World June 2, 2026 12:30 PM

Ecopetrol Union Begins 24-Hour Strike Amid Stalled Bargaining Talks

USO halts work at Colombia's state oil firm after talks show no progress; company says operations protected by contingency measures

By Maya Rios

Colombia's main oil-sector union, USO, initiated a 24-hour strike against state-run Ecopetrol, citing a deadlock in collective bargaining negotiations after 25 days of talks. The union represents 25,000 workers at Ecopetrol and its contractors and is pressing for multi-year pay increases, reduced working hours and expanded benefits projected to carry very large costs. Ecopetrol says it remains open to talks and has enacted contingency plans to preserve operations.

Ecopetrol Union Begins 24-Hour Strike Amid Stalled Bargaining Talks

Key Points

  • USO launched a 24-hour strike at Ecopetrol starting 0500 local time (1000 GMT) over a deadlock in collective bargaining negotiations.
  • The union represents 25,000 workers employed directly by Ecopetrol and its contractors and reports no progress after 25 days of talks, with 14 days left in the current negotiation stage.
  • USO's demands include a first-year pay rise of inflation plus 20%, annual increases of inflation plus 10% for the next four years, shorter working hours, and expanded health and education benefits; the benefits proposal is estimated to cost about 90 trillion pesos.

Colombia's principal union at the state oil company Ecopetrol commenced a 24-hour stoppage on Tuesday, protesting what it described as a breakdown in negotiations over a new collective bargaining agreement. The strike began at 0500 local time (1000 GMT), according to USO union president Martin Ravelo.

USO, which represents workers directly employed by Ecopetrol and those working for its contractors, said its membership totals 25,000. Ravelo told Reuters the union had seen no movement on its proposals after 25 days of bargaining and noted there were 14 days remaining before the current phase of direct negotiations would expire.

In a prior post on X, the union accused an Ecopetrol executive of not responding to its proposals and of delaying the talks. Ecopetrol, in turn, said it remained willing to engage in dialogue and had put a contingency plan into action aimed at protecting staff and keeping operations running.

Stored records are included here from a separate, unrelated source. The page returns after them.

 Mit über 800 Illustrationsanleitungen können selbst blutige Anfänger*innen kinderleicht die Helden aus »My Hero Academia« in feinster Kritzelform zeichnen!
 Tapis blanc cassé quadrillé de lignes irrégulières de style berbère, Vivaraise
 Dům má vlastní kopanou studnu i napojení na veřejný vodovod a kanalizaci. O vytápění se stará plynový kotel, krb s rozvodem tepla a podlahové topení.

"The company has implemented the necessary operational measures at its facilities and workplaces to ensure continuity of the essential public service under its responsibility and to mitigate any possible operational impact," Ecopetrol said in a statement.

On the ground, workers at Ecopetrol's Barrancabermeja refinery told Reuters that access to the industrial complex had been restricted as the stoppage took effect.

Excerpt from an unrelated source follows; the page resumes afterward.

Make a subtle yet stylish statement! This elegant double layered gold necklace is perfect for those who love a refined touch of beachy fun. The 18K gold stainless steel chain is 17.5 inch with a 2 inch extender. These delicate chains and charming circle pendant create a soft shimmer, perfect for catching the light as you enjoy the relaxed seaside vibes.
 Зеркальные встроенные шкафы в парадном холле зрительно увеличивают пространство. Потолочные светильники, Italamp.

Sources within the company outlined the core elements of USO's demands. The union is seeking a pay increase for unionized employees equal to inflation plus 20% in the first year of the new agreement. For each of the following four years, the union is requesting raises equivalent to inflation plus 10%, together with shorter working hours.

USO is also asking for expanded health and education benefits for workers. Company sources estimated that that proposal could carry a cost on the order of 90 trillion pesos, which is given as $25.28 billion in the figures cited by the parties.

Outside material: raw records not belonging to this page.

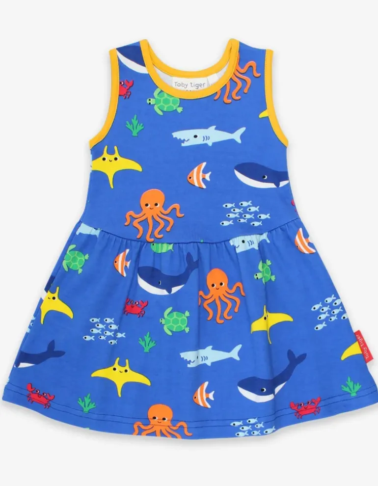 Dive into summer with our ocean-inspired short sleeve organic summer dress. Perfect for whirling and twirling, our super soft 100% certified organic cotton keeps little ones cool as they glide around to show off the deep-sea greats. Love life under the sea? Dive into our world of ocean-inspired organic clothing for kids!
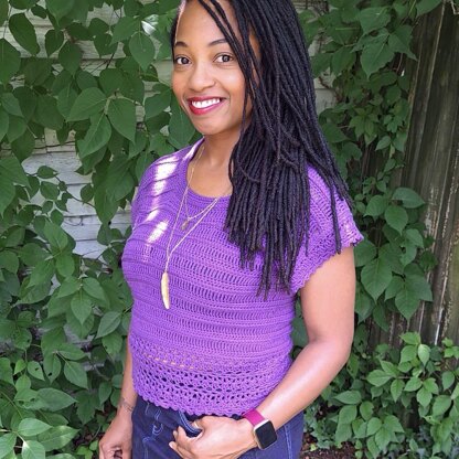 Crop your tee or make it extra long, it’s up to you! This size-inclusive top is made with fingering (1) or a light sport (2) weight yarn from the top down, allowing you to try it on at multiple stages and stop at the length you like best.
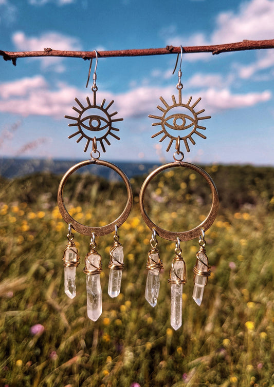 Boucles d'oreilles créoles quartz Helia Evil Eye
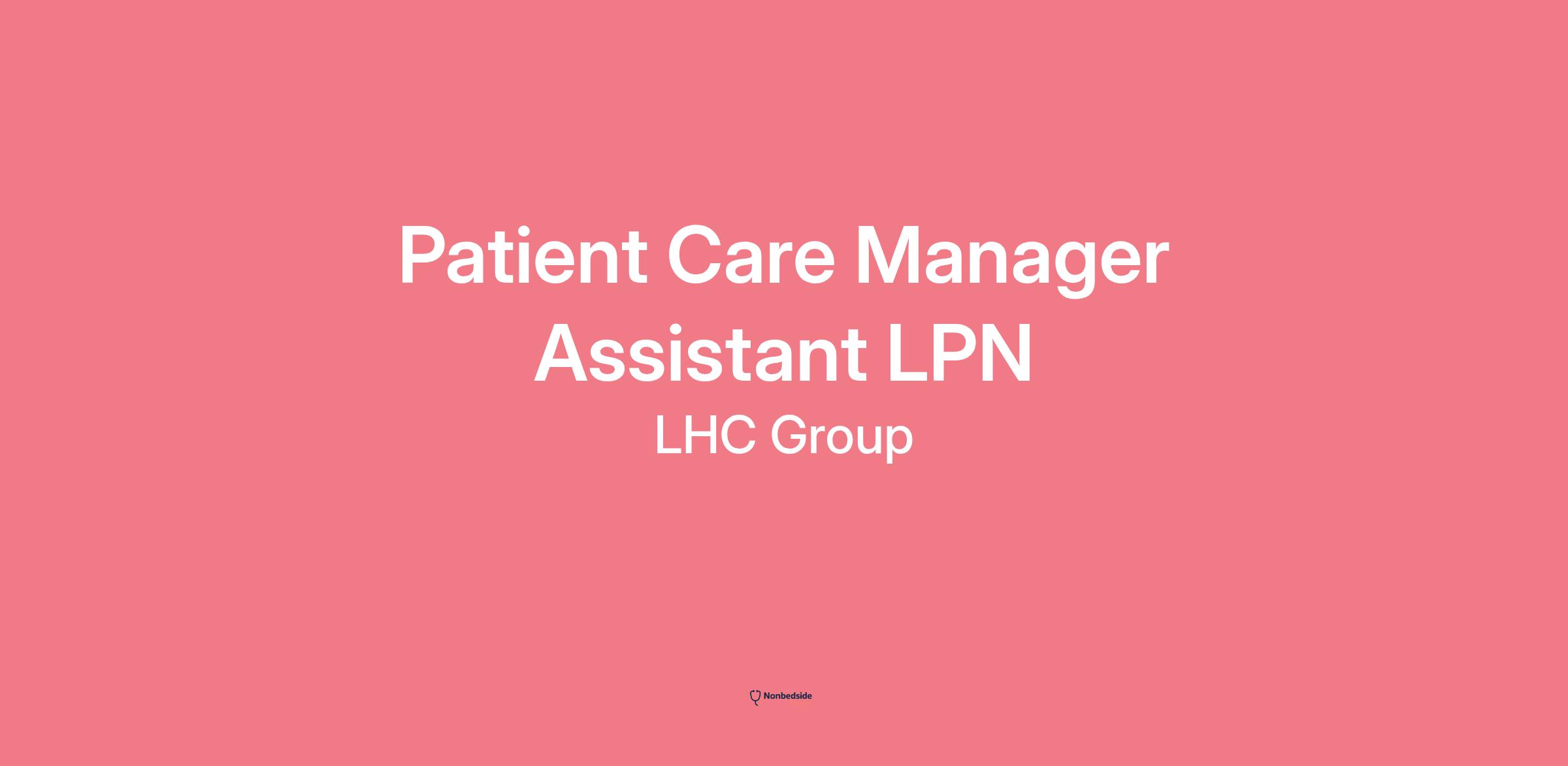 Summary We are hiring for a Patient Care Manager Assistant (LPN).

The stoppage and the positions on the table leave the two sides in a standoff as the clock runs down on the current negotiation period. Ecopetrol's contingency measures are intended to limit operational effects, while the union has taken direct action to pressure the company amid what it says is an absence of progress.


Context note: The parties remain engaged in a formal negotiation process, with the union continuing to press its wage, hours and benefits proposals and the company signaling openness to continued dialogue while protecting operations.

Risks

  • Operational disruptions - Restricted access at the Barrancabermeja refinery and the strike action could impede day-to-day operations despite company contingency plans (impacts oil and gas operations).
  • Prolonged negotiation deadlock - Failure to make progress within the remaining 14 days of the negotiation stage could extend labor unrest and heighten operational uncertainty (affects energy production and supply chains).
  • Financial burden of benefit demands - The union's proposal for broader health and education benefits could entail extremely large costs if accepted, presenting balance sheet and cash flow implications (impacts corporate finances and potentially the wider energy sector).